→ **Given entries**:
============

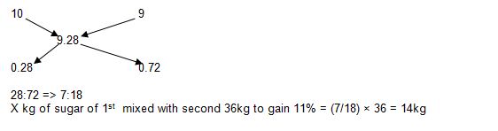 How many Kg of sugar costing Rs. 10kg must be mixed with 36Kg of sugar costing Rs.9 per Kg ,so that there may be gain of 11% by selling the mixture of Rs.10.30 per Kg?
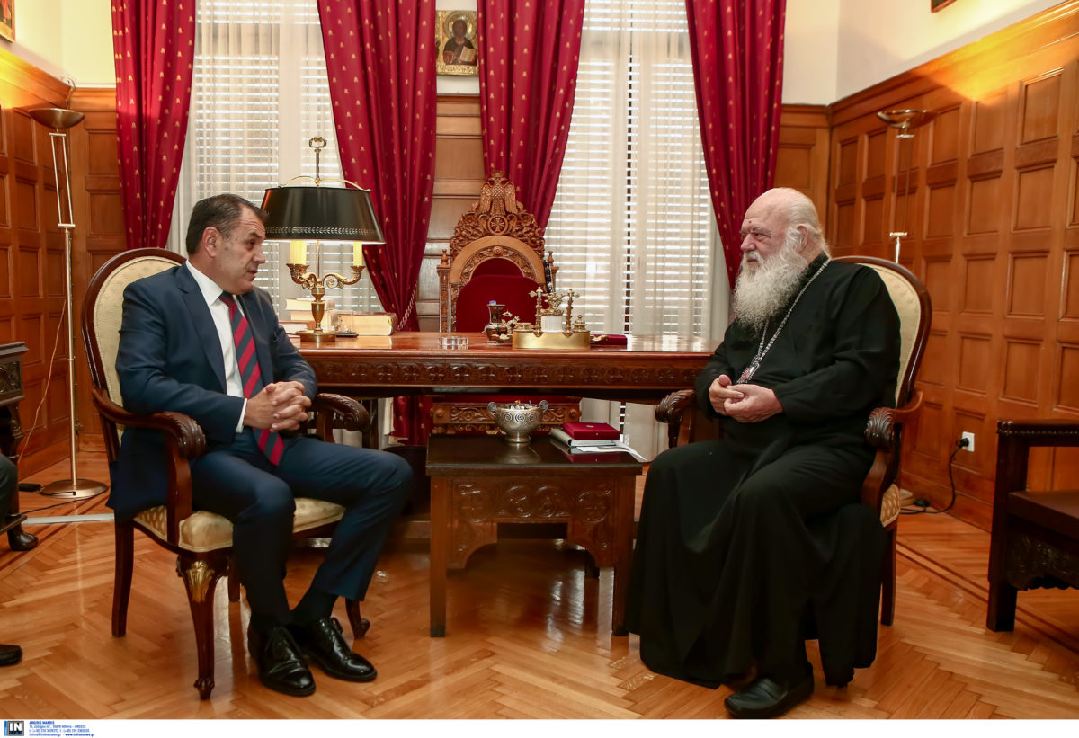 Ο Υπουργός Εθνικής Άμυνας κ. Νικόλαος Παναγιωτόπουλος, είχε σήμερα εθιμοτυπική συνάντηση με τον Μακαριώτατο Αρχιεπίσκοπο Αθηνών και Πάσης Ελλάδος και Πρόεδρος της Ιεράς Συνόδου Ιεραρχίας κ.κ. Ιερώνυμο Β΄.
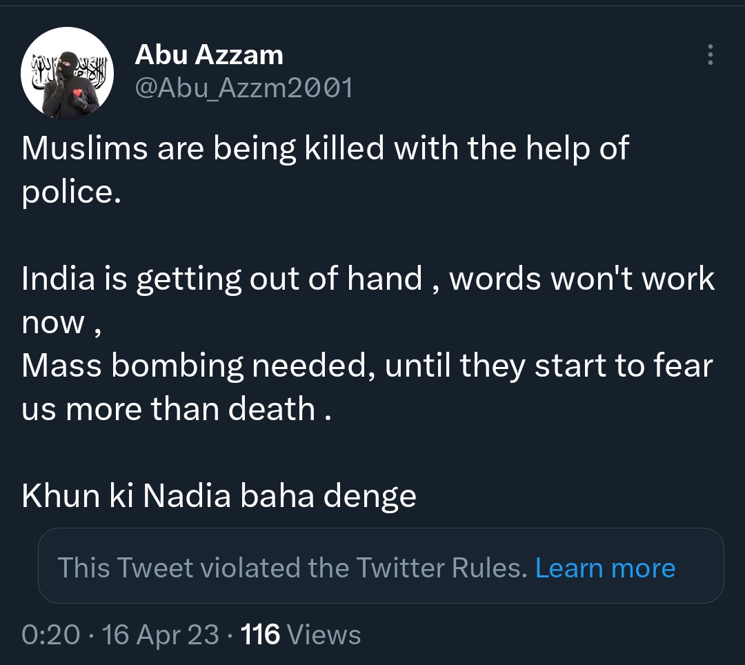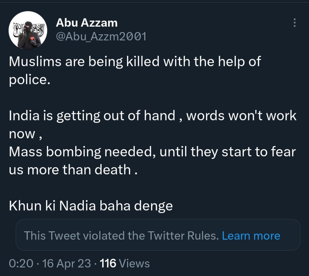 Meanwhile, a Twitter user named ‘Abu Azzam’ threatened to execute mass bombings in India so that the Hindu community develops ‘more fear of Muslims than death.’ It had tweeted, “Khun Ki Nadia bana denge (We will unleash rivers of blood).
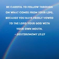 21 If you make a vow to the Lord your God, do not be slow to pay it, for the Lord your God will certainly demand it of you and you will be guilty of sin. 22 But if you refrain from making a vow, you will not be guilty. 23 Whatever your lips utter you must be sure to do, because you made your vow freely to the Lord your God with your own mouth.
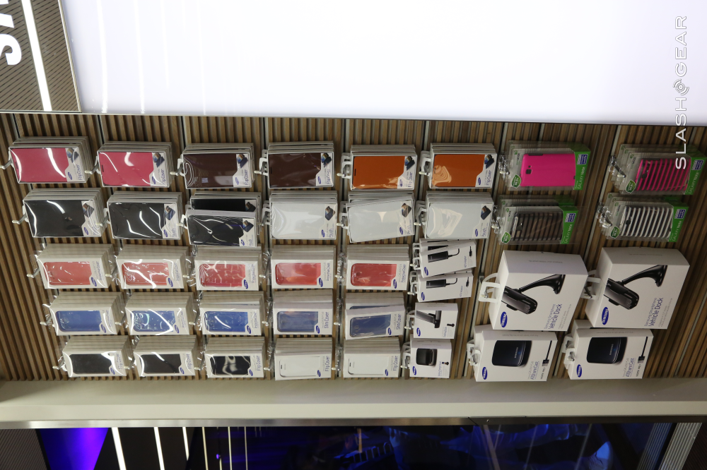From there it's all about charging and protecting, Samsung presenting one dock that appeared at first to be the Wireless Charging Kit mentioned in the presentation earlier today, but indeed it is not quite that. Instead its a slightly more traditional dock with aspirations for showing the device off in all its vertical glory. Note the front and the back (as seen in the gallery below) and the fact that it's not quite out in the open yet.
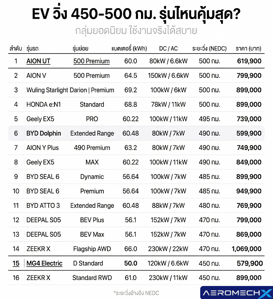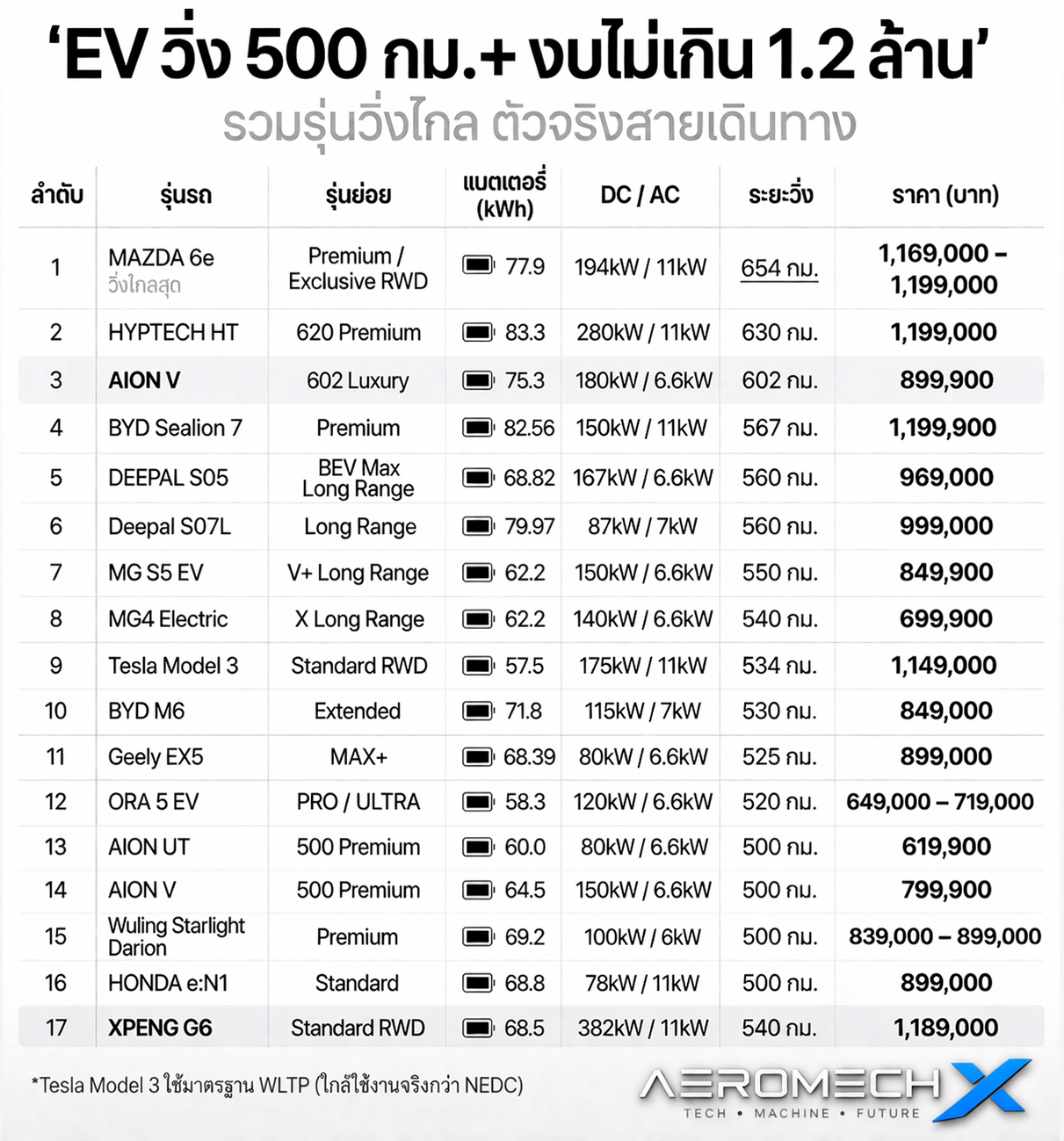 | AION V | 500 Premium | 64.5 kWh | 150kW / 6.6kW | 500 กม. | 799,900 |

============

→ **Try it**: An exact reproduction of the data above is required, with every picture removed.

→ **Task answer**:
 How many Kg of sugar costing Rs. 10kg must be mixed with 36Kg of sugar costing Rs.9 per Kg ,so that there may be gain of 11% by selling the mixture of Rs.10.30 per Kg?
 Ο Υπουργός Εθνικής Άμυνας κ. Νικόλαος Παναγιωτόπουλος, είχε σήμερα εθιμοτυπική συνάντηση με τον Μακαριώτατο Αρχιεπίσκοπο Αθηνών και Πάσης Ελλάδος και Πρόεδρος της Ιεράς Συνόδου Ιεραρχίας κ.κ. Ιερώνυμο Β΄.
 Meanwhile, a Twitter user named ‘Abu Azzam’ threatened to execute mass bombings in India so that the Hindu community develops ‘more fear of Muslims than death.’ It had tweeted, “Khun Ki Nadia bana denge (We will unleash rivers of blood).
 21 If you make a vow to the Lord your God, do not be slow to pay it, for the Lord your God will certainly demand it of you and you will be guilty of sin. 22 But if you refrain from making a vow, you will not be guilty. 23 Whatever your lips utter you must be sure to do, because you made your vow freely to the Lord your God with your own mouth.
From there it's all about charging and protecting, Samsung presenting one dock that appeared at first to be the Wireless Charging Kit mentioned in the presentation earlier today, but indeed it is not quite that. Instead its a slightly more traditional dock with aspirations for showing the device off in all its vertical glory. Note the front and the back (as seen in the gallery below) and the fact that it's not quite out in the open yet.
 | AION V | 500 Premium | 64.5 kWh | 150kW / 6.6kW | 500 กม. | 799,900 |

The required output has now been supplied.